About The Job
As a Machine Learning Data Engineer at CAG, you will be responsible for designing, implementing, and maintaining the data pipelines and infrastructure that support our machine learning projects. You will work closely with data scientists, machine learning engineers, cloud engineer and other cross-functional teams to ensure the availability, reliability, and performance of our data systems. Your role will be critical in enabling the development and deployment of advanced machine learning models that drive key business insights and innovations.
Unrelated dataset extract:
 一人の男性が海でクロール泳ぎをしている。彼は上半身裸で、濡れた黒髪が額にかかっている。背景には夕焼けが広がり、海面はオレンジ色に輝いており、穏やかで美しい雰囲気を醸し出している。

This role requires a blend of technical expertise, project management skills, and the ability to deliver robust, scalable data solutions in a fast-paced environment.
Responsibilities :
- Architect and implement scalable data solutions to address complex business challenges, leveraging advanced analytics, statistical methods, and machine learning techniques. Apply advanced data preprocessing, transformation, and enrichment techniques to ensure high-quality inputs for machine learning models.
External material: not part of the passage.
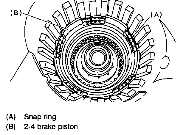 12) After all 2-4 brake component parts have been installed, blow in air intermittently and confirm the operation of the brake.

- Partner with data scientists and ML engineers to translate data requirements into actionable insights, optimizing feature engineering processes and model deployment strategies.
- Construct and manage modern data infrastructure, including data warehouses and data lakes, to facilitate seamless data access for analysis and model training.
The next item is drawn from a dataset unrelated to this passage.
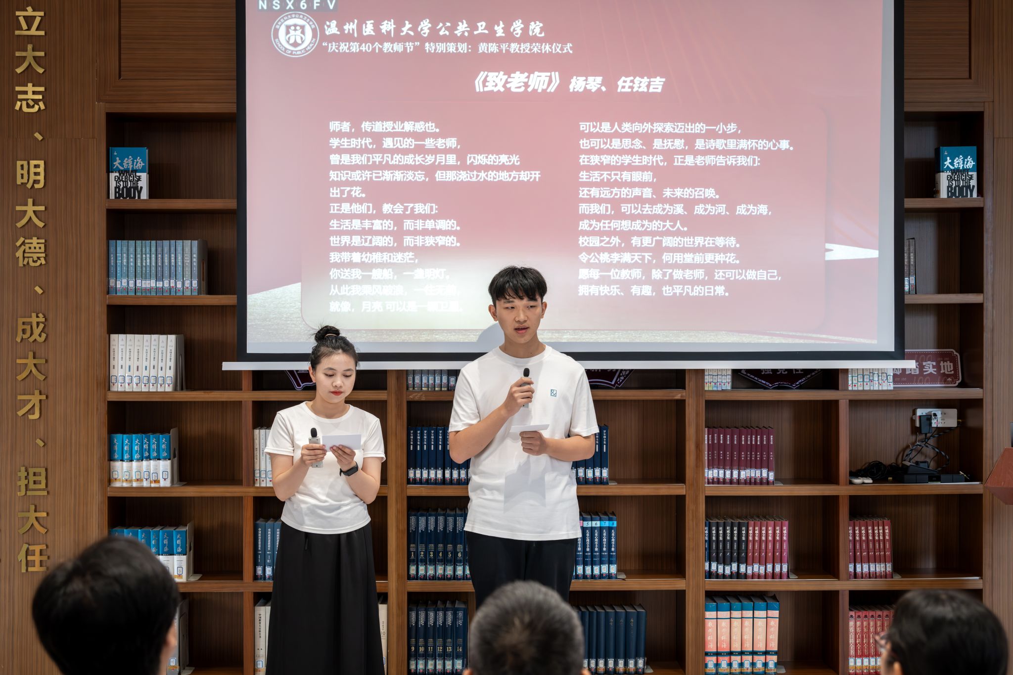 学院学生会和研究生会共同选送,由本科生代表王晨焕、徐健轩同学,研究生代表杨琴、任铉吉同学,分别献上吉他弹唱《光阴的故事》、诗歌朗诵《致老师》,“遥远的路程,昨日的梦,以及远去的笑声,再次的见面我们又历经了多少的路程。”歌声悠扬婉转,歌词触人心弦,将大家带回纯真而质朴的年代,成为共同的美好回忆。“希望黄教授,除了做老师,还可以做自己,拥有快乐、有趣、也平凡的日常!”同学们表达了诚挚温暖的祝福。

- Continuously optimize data pipelines for performance, scalability, and cost-effectiveness, considering factors such as data volume, processing speed, and resource utilization.
- Collaborate closely with DevOps and IT teams to ensure smooth deployment, monitoring, and maintenance of data pipelines in production environments.
- Work cross-functionally to ensure adherence to data governance, security, and privacy regulations.
- Stay at the forefront of data engineering and machine learning advancements, driving the adoption of best practices within the team.
- Mentor junior team members and contribute to the overall data strategy of the organization.
Requirements :
- Bachelor's or Master's degree in Computer Science, Engineering, or a related field with at least 5 years’ work experience
- Extensive hands-on experience with cloud platforms, particularly AWS and GCP, including their data services and analytics offerings.
- Strong coding skills with proficiency in:
- Infrastructure as Code (e.g., Terraform, CloudFormation)
- Shell scripting
- Python
- SQL
- Deep understanding of big data technologies, distributed computing, and modern data architecture patterns. Proven track record in designing and implementing large-scale data solutions, including data pipelines, data warehouses, and data lakes.
- Demonstrated ability to successfully deliver projects, meet milestones, and drive initiatives from conception to production.
- Experience with data streaming technologies (e.g., Kafka, Kinesis) and batch processing frameworks (e.g., Spark, Hadoop).
- Familiarity with containerization and orchestration technologies (e.g., Docker, Kubernetes).
- Strong problem-solving skills and ability to translate complex business requirements into technical solutions.
- Excellent communication skills with the ability to collaborate effectively across cross-functional teams.